**RECORDS FOR PROCESSING**
* * * * *
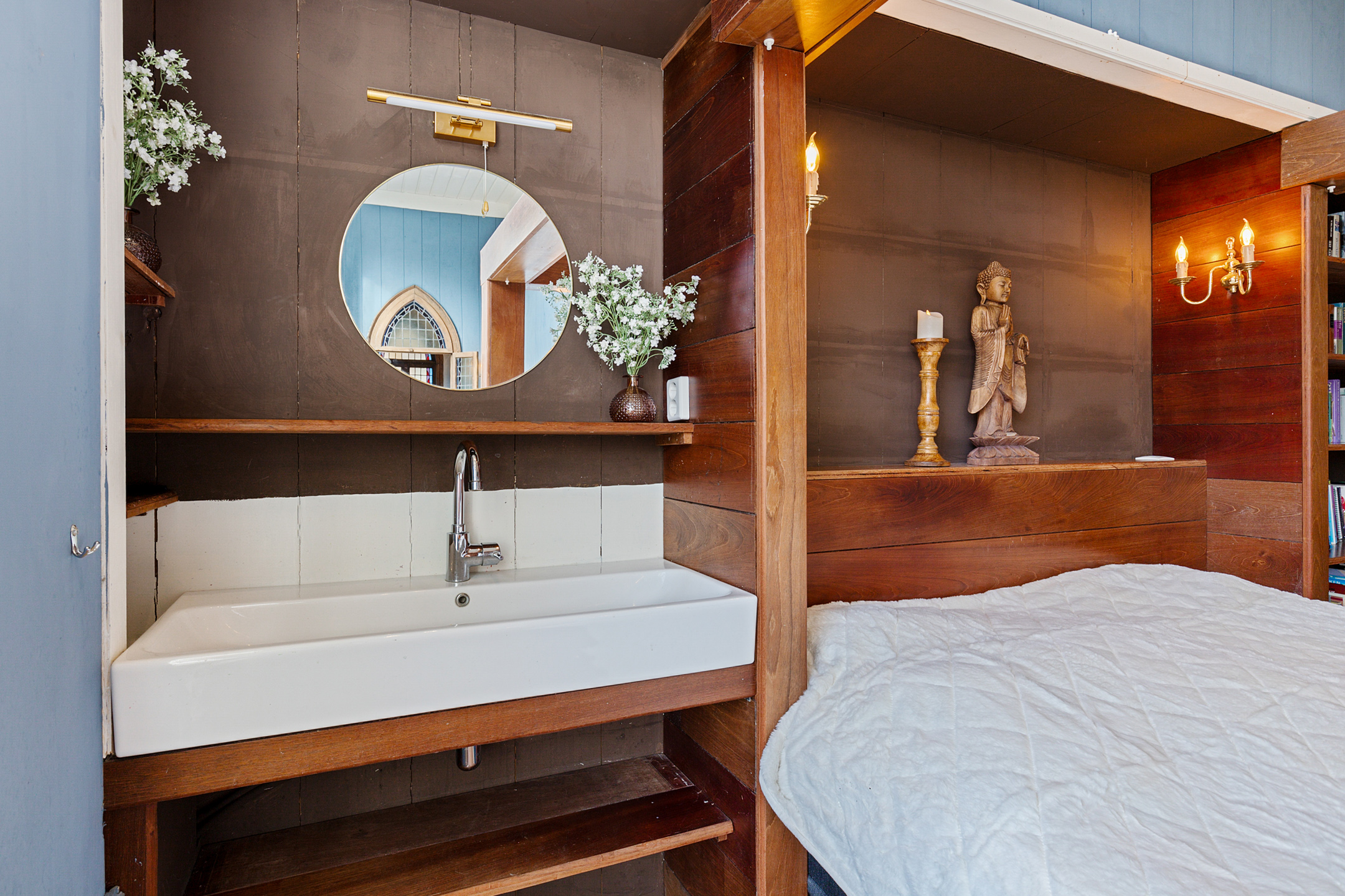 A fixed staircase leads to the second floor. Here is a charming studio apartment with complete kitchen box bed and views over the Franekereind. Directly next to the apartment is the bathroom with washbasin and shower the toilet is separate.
* * * * *
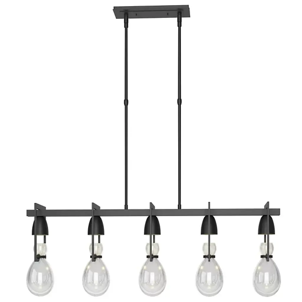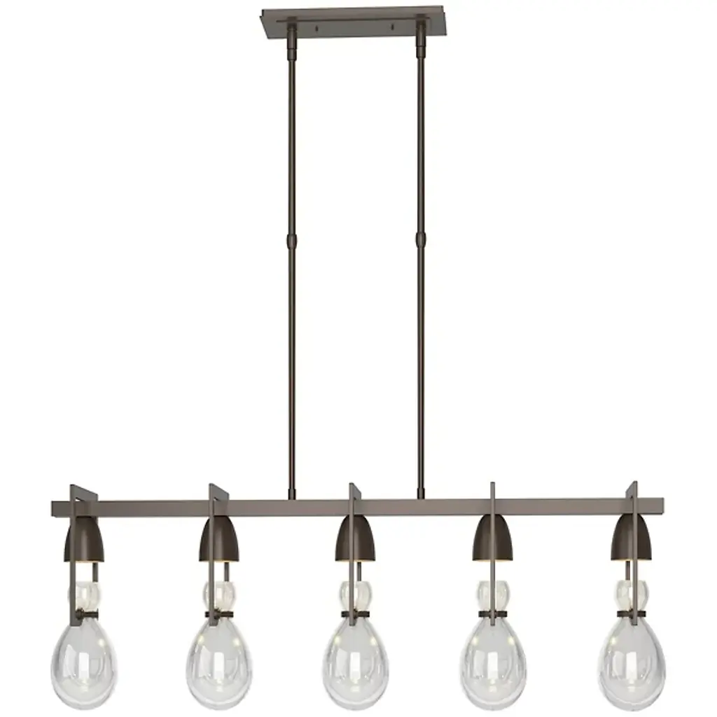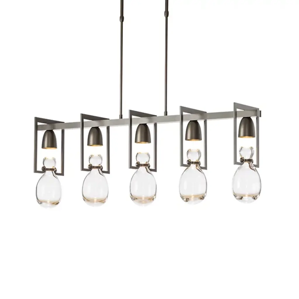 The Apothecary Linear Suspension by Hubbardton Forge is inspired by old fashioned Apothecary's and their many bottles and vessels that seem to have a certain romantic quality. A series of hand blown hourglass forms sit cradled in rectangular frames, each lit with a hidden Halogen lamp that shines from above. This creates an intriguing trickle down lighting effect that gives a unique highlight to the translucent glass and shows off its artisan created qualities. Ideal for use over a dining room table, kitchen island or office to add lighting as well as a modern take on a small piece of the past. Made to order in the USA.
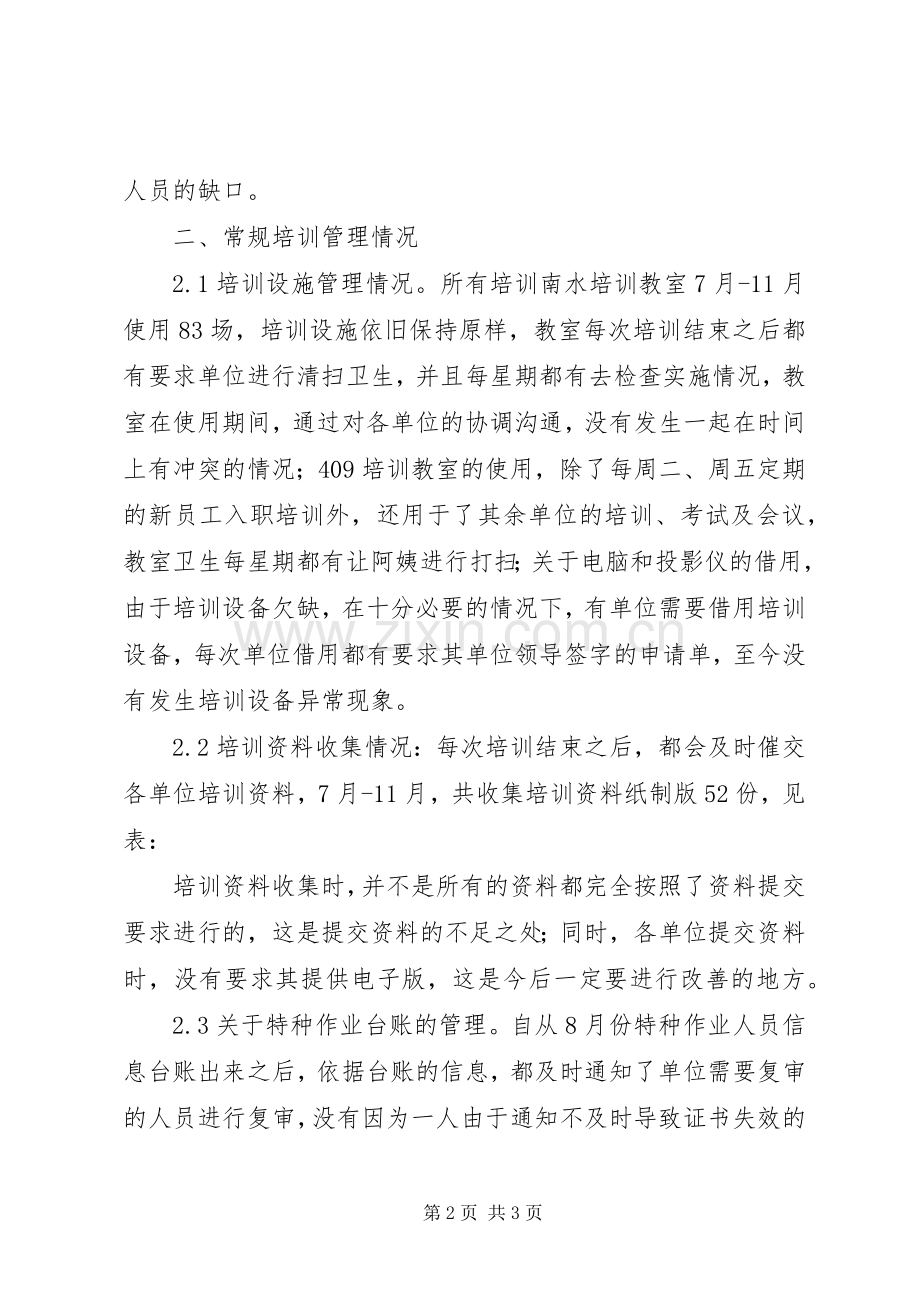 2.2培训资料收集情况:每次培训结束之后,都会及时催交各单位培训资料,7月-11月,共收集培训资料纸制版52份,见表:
* * * * *
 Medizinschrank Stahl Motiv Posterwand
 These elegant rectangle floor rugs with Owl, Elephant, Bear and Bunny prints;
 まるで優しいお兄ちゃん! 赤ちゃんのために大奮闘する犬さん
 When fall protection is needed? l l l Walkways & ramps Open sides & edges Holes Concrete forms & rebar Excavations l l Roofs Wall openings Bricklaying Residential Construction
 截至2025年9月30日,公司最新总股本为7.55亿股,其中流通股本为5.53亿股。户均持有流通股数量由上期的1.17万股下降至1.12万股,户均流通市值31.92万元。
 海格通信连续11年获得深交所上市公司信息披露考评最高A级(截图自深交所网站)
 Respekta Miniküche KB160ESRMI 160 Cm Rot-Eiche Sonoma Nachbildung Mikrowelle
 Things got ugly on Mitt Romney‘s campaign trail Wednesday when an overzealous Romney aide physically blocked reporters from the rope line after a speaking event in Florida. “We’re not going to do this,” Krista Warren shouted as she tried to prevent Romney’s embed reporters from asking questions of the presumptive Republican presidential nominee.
* * * * *
**WHAT YOU NEED TO DO**
Could you set down, word for word, only the lines above from the line with "Medizinschrank Stahl Motiv Posterwand" to the line with "When fall protection", including both?

**ANSWER AREA**
 Medizinschrank Stahl Motiv Posterwand
 These elegant rectangle floor rugs with Owl, Elephant, Bear and Bunny prints;
 まるで優しいお兄ちゃん! 赤ちゃんのために大奮闘する犬さん
 When fall protection is needed? l l l Walkways & ramps Open sides & edges Holes Concrete forms & rebar Excavations l l Roofs Wall openings Bricklaying Residential Construction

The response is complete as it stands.